I will be covering the topic of the Continuous Training of Machine Learning Models, which is essential to MLOps and any serious data scientist or ML engineer.
Continuous Training Overview
Continuous Training (CT) is the process of automatically retraining and serving machine learning models in production. Machine Learning models are built on the assumption that the data the model was trained on will be identical to the data used when making predictions. But that is not the case and data regularly drifts from what is expected. That is why Continuous Training is vital in any AI-driven organization.
This term was introduced by Google in their document, MLOps: Continuous delivery and automation pipelines in machine learning where CT is mentioned as the requirement for going from MLOps Level 0 (Manual Process) to MLOps level 1(ML Pipeline Automation) wherein level 1 MLOps the goal is to perform continuous training of the models by automating the ML pipeline.
The image below showcases an automated ML pipeline for Continuous Training:
Machine Learning Model Lifecycle
Before going any further into Continuous Training of Machine Learning Models I would like to highlight a glaring issue I notice with most courses related to Machine Learning projects in that they forget about the cyclic nature of the ML Model lifecycle, assuming that once a model is deployed everything is all done and the project is a success. ML projects actually begin once the model has been deployed which is known as the post-deployment part.
Post Deployment of Machine Learning Models
When a model is in the post-deployment phase, it is now supposed to generate business value for the company by making predictions. In this part, either two things can happen:
1. The model works perfectly and stakeholders are happy with the business value derived from it (which rarely happens).

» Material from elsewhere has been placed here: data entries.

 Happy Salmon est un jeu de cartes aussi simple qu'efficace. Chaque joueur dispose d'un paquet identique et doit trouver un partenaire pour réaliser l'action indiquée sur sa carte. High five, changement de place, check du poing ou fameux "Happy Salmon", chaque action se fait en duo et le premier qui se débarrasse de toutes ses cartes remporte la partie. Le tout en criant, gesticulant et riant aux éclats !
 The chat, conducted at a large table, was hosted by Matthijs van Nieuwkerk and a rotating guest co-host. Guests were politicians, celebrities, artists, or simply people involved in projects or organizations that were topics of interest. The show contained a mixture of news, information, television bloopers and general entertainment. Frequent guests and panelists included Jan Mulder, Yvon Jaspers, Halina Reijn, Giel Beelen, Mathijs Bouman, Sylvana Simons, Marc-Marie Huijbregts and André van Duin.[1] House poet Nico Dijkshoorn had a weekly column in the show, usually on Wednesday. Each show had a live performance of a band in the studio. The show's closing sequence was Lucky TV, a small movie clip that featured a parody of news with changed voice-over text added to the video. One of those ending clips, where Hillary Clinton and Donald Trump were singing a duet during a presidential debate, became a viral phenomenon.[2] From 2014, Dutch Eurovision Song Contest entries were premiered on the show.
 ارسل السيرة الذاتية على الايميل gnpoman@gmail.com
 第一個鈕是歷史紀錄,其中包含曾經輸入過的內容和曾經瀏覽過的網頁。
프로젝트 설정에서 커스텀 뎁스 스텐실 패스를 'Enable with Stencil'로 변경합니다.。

2. Issues regarding the model such as poor predictions on certain groups, inability to handle unseen data, etc. arise.
Post Deployment Issues
Looking at issues related to the data being fed to a model for predictions, there are a couple of different inherent issues that could arise such as the following:
1. Feature drift
2. Concept drift/Model drift(not covered in this article)
In order to evaluate if there is any type of drift, there needs to be a tool to monitor the models in production and how the data changes over time. Without this requirement it’s impossible to know in a real-time manner if there are any issues with a model, instead, you would have to query historical data and manually check it yourself which is a slow process and will easily result in drifts to go unnoticed for extended periods of time thus costing the business heavily.

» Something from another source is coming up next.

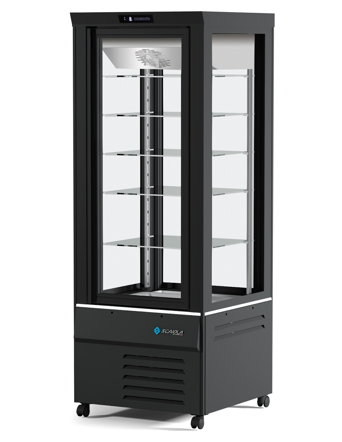 Vitrina de pastelería y heladería con cuatro lados de cristal - Temperatura +5 -21 °C - Refrigeración Ventilado - Capacidad 400 litros - N° 5 Estantes - Iluminación LED - Dimensiones cm 69 x 72 x 187 h
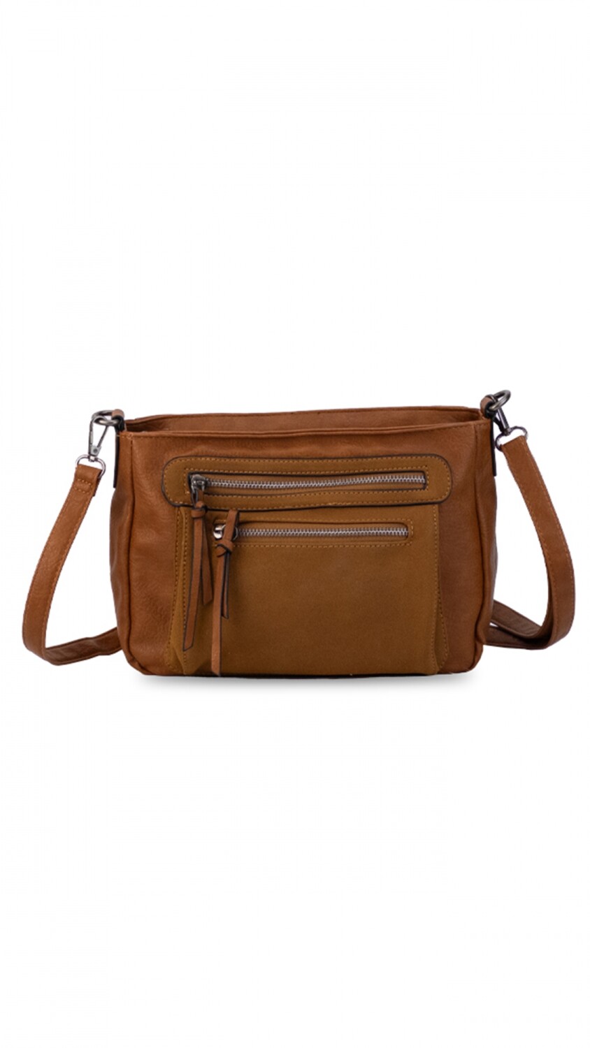 Bandolera en simil cuero con detalles en nobuck. Cuenta con cierre principal, así como cierres adicionales en la parte trasera y delantera para mayor comodidad y seguridad. Diseño práctico y elegante.

Feature Drift is a change in the distribution over time, where a significant enough change in the input distribution compared to the reference distribution of the features is called feature drift.
Drift can be measured in many ways:
- Population Stability Index (PSI)
- Kullback — Leibler divergence (KL divergence)
- Wasserstein’s Distance
How to Tackle Feature Drift?
In essence, there are two different choices that can be made here:
1. Retrain the model on the latest data (easier to do but could only be a bandaid for bigger issues within the data or model used)
2. Not retrain the model and reiterate through the Machine Learning Model Lifecycle (much more difficult to do due to the R&D nature of the solution which would be too slow of a reaction to solve the issue at hand)
Retraining a Machine Learning Model is not as simple as just getting some new data and training a model on it. There are nuances to the process that needs to be thought out carefully.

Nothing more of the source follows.